Jobs Machine Rolls On

Once again the U.S. labor market created more jobs – 213,000 – than the demographics would suggest, and the numbers for April and May were revised up by 37,000 jobs. On the household survey side, there was a sharp jump in the labor force (601,000) and number of unemployed (499,000) leading to an increase in the unemployment rate to 4.0 percent. The bottom line, however, is that the employment-population ratio was unchanged.

The other key indicator is average hourly earnings, which ticked up by 5 cents. Looking back over the past year, hourly earnings are up by 2.7 percent.  Combined with additional jobs and steady hours, payrolls are up by 5 percent since June 2017.

Across all education levels unemployment ticked up slightly. Similarly, unemployment was a bit higher for all ethnicities except Hispanics (down by 0.3 to 4.6 percent). The most dramatic jump was the 0.6 percentage point rise in African-American unemployment – probably a tribute to noisy data more than anything else.

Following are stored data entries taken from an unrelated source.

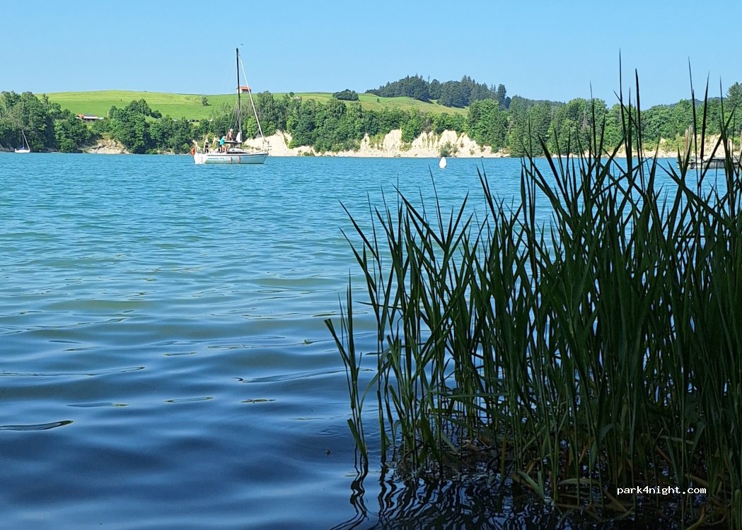 Sehr schöner CP mit Sanitäranlage, die in einem sehr guten Zustand ist. Dieser Teil des Forggensees wird nicht von Dampfern und nur selten von Motorbooten befahren. Man kann ungestört schwimmen.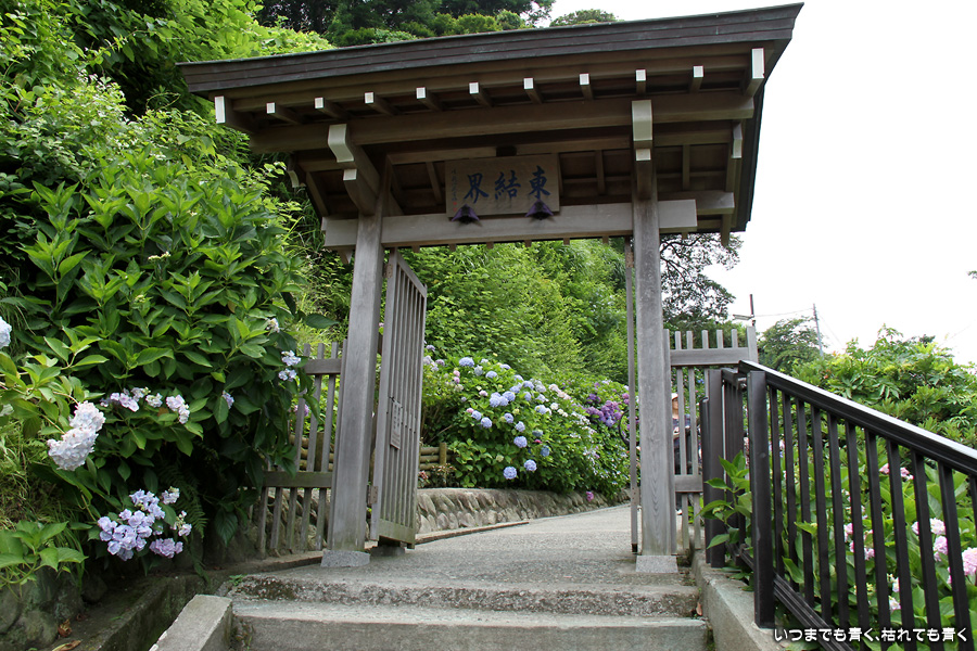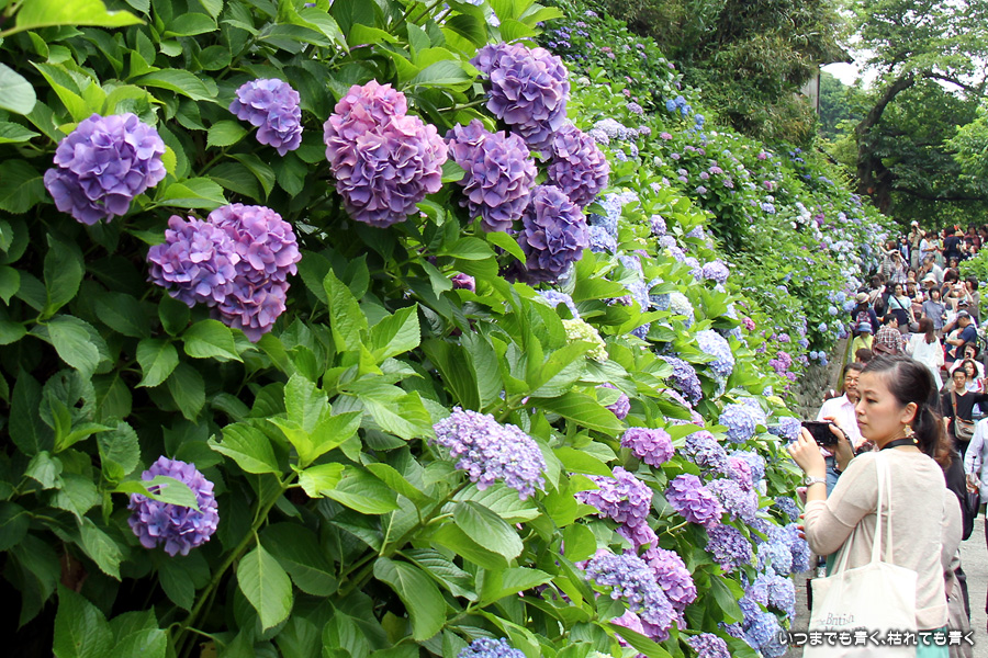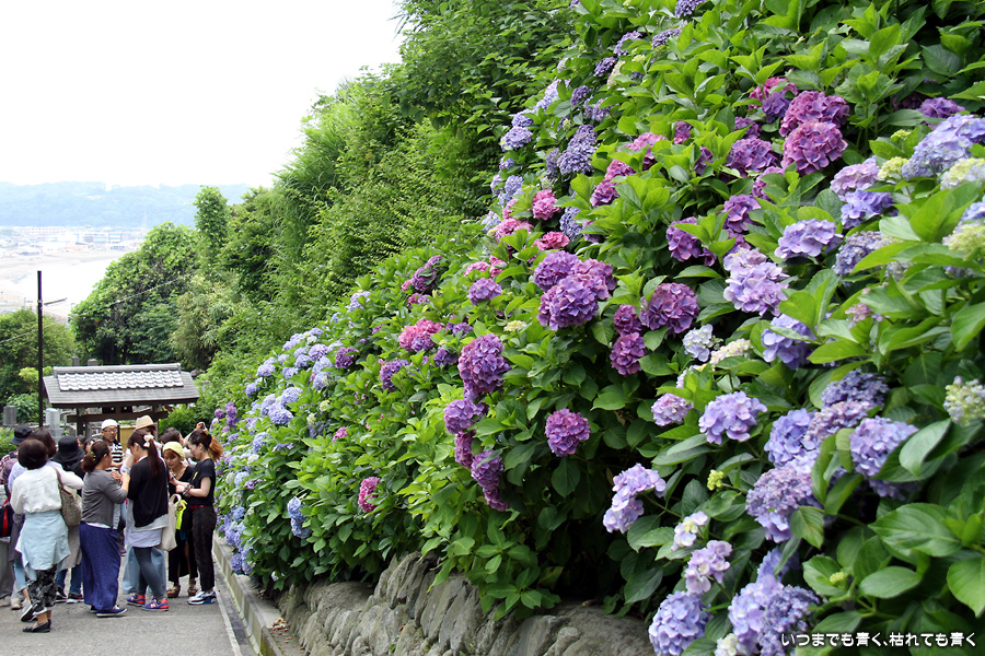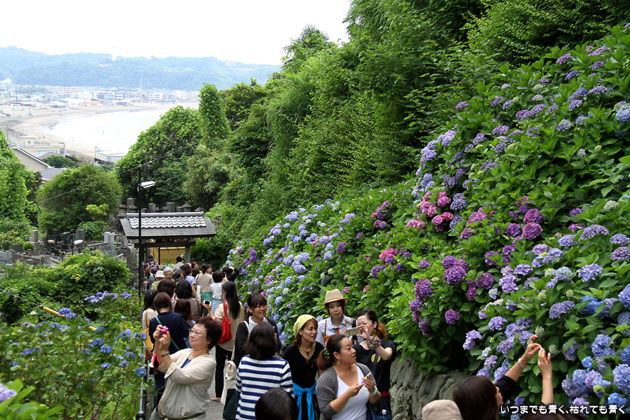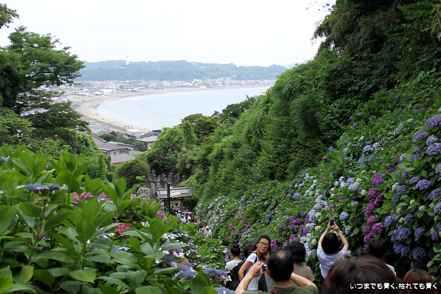 成就院の石段の参道の両側に咲く多くの紫陽花を見ながら望む由比ガ浜の景色はとても素晴らしい景色です。曇り空で海岸が少し霞んでいるのが残念でしたが、ここの紫陽花はちょうと見頃で美しく、見に来て良かったと思います。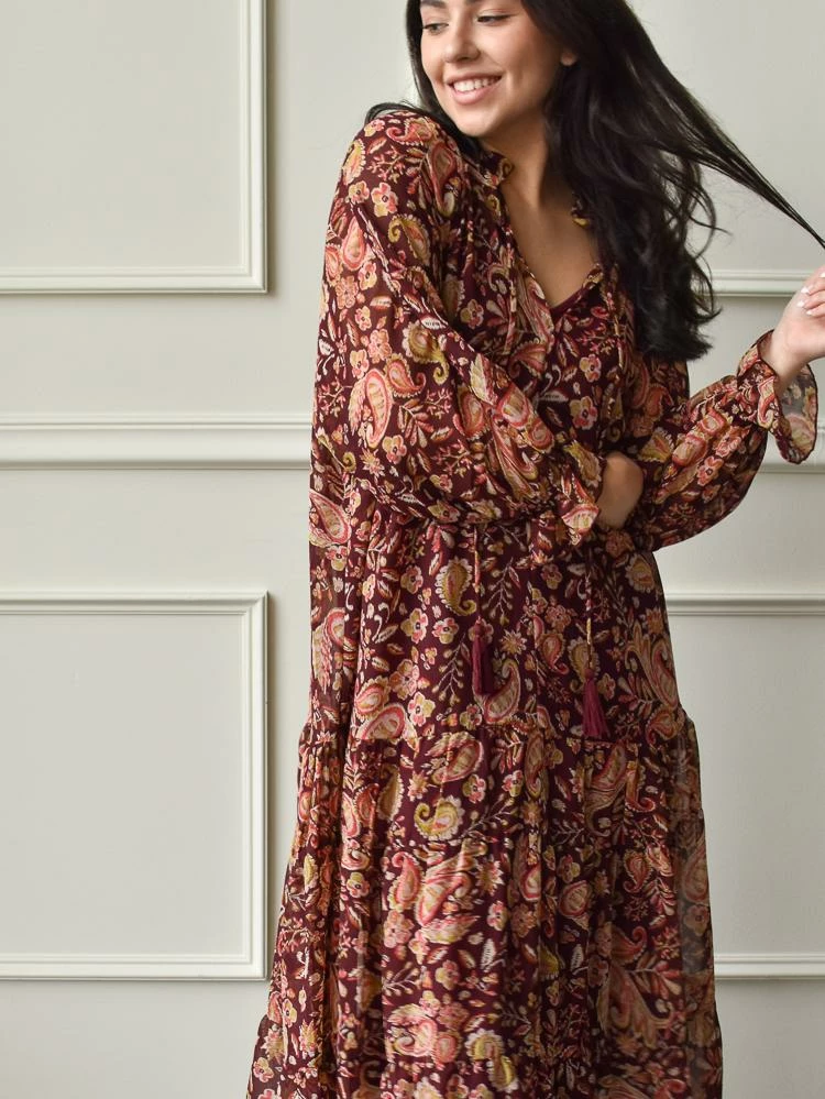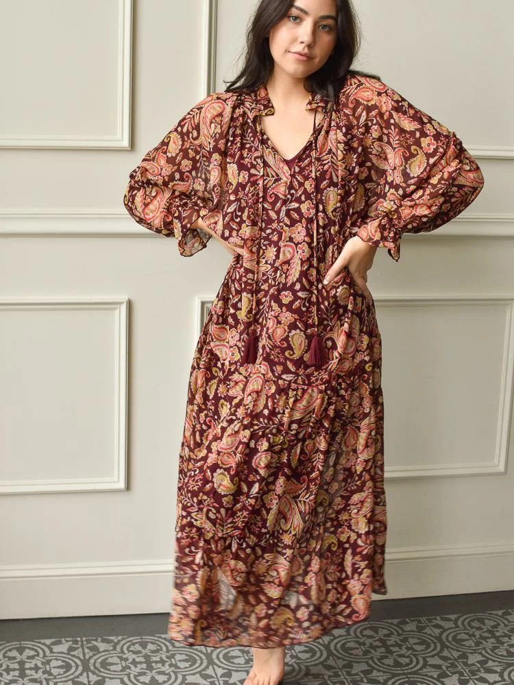 The Keely Burgundy Paisley Floral Maxi dress brings equal parts elegance and nostalgia. Cut from a richly colored floral print, the design has a ruched neck, v neckline, tassels, long puff sleeves and flowy body. This makes a stunning Thanksgiving dinner outfit. Fully lined.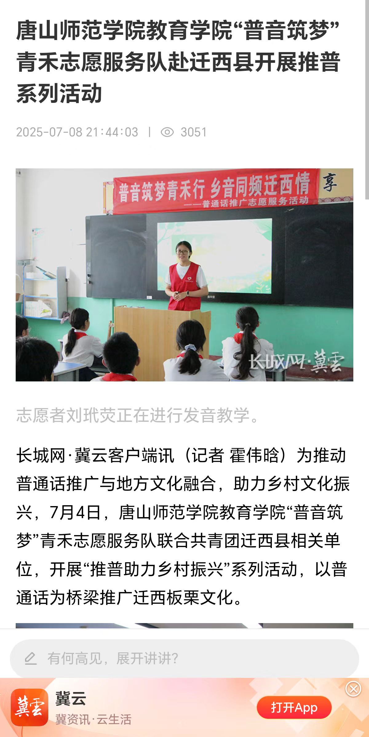 为推动普通话推广与地方文化融合,助力乡村文化振兴,7月4日,万象城awcsport官网教育学院“普音筑梦”青禾志愿服务队联合共青团迁西县相关单位,开展“推普助力乡村振兴”系列活动,以普通话为桥梁推广迁西板栗文化。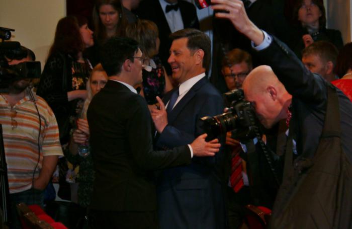 При этом на вопросы журналистов пришлось отвечать в скомканной форме, потому что время уже поджимало. После этого стартовала красная дорожка, возле Драмтеатра остановился автобус с московскими знаменитостями. И снова все происходило хаотично, неорганизованно и неторжественно.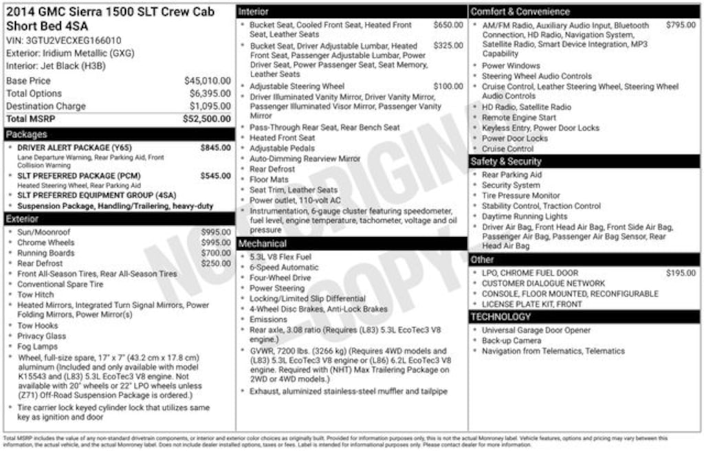 2014 GMC Sierra 1500 SLT 4D Crew Cab SLT Iridium Metallic 4WD EcoTec3 5.3L V8 Flex Fuel 6-Speed Automatic Electronic with Overdrive

Job growth was widespread across both the goods and services sectors, with the largest gains in professional and business services and education and health services.

Data junkies here’s your fix: the June U-6 (the broadest measure of unemployment) rose by 0.2 to 7.8, largely due to the rise from 3.8 to 4.0 percent in the base unemployment rate.

The bottom line: One could get greedy and wish for even faster wage growth. But taken as a whole, the June report is very strong: jobs, employment-population ratio stable despite the aging population, and solid wage gains.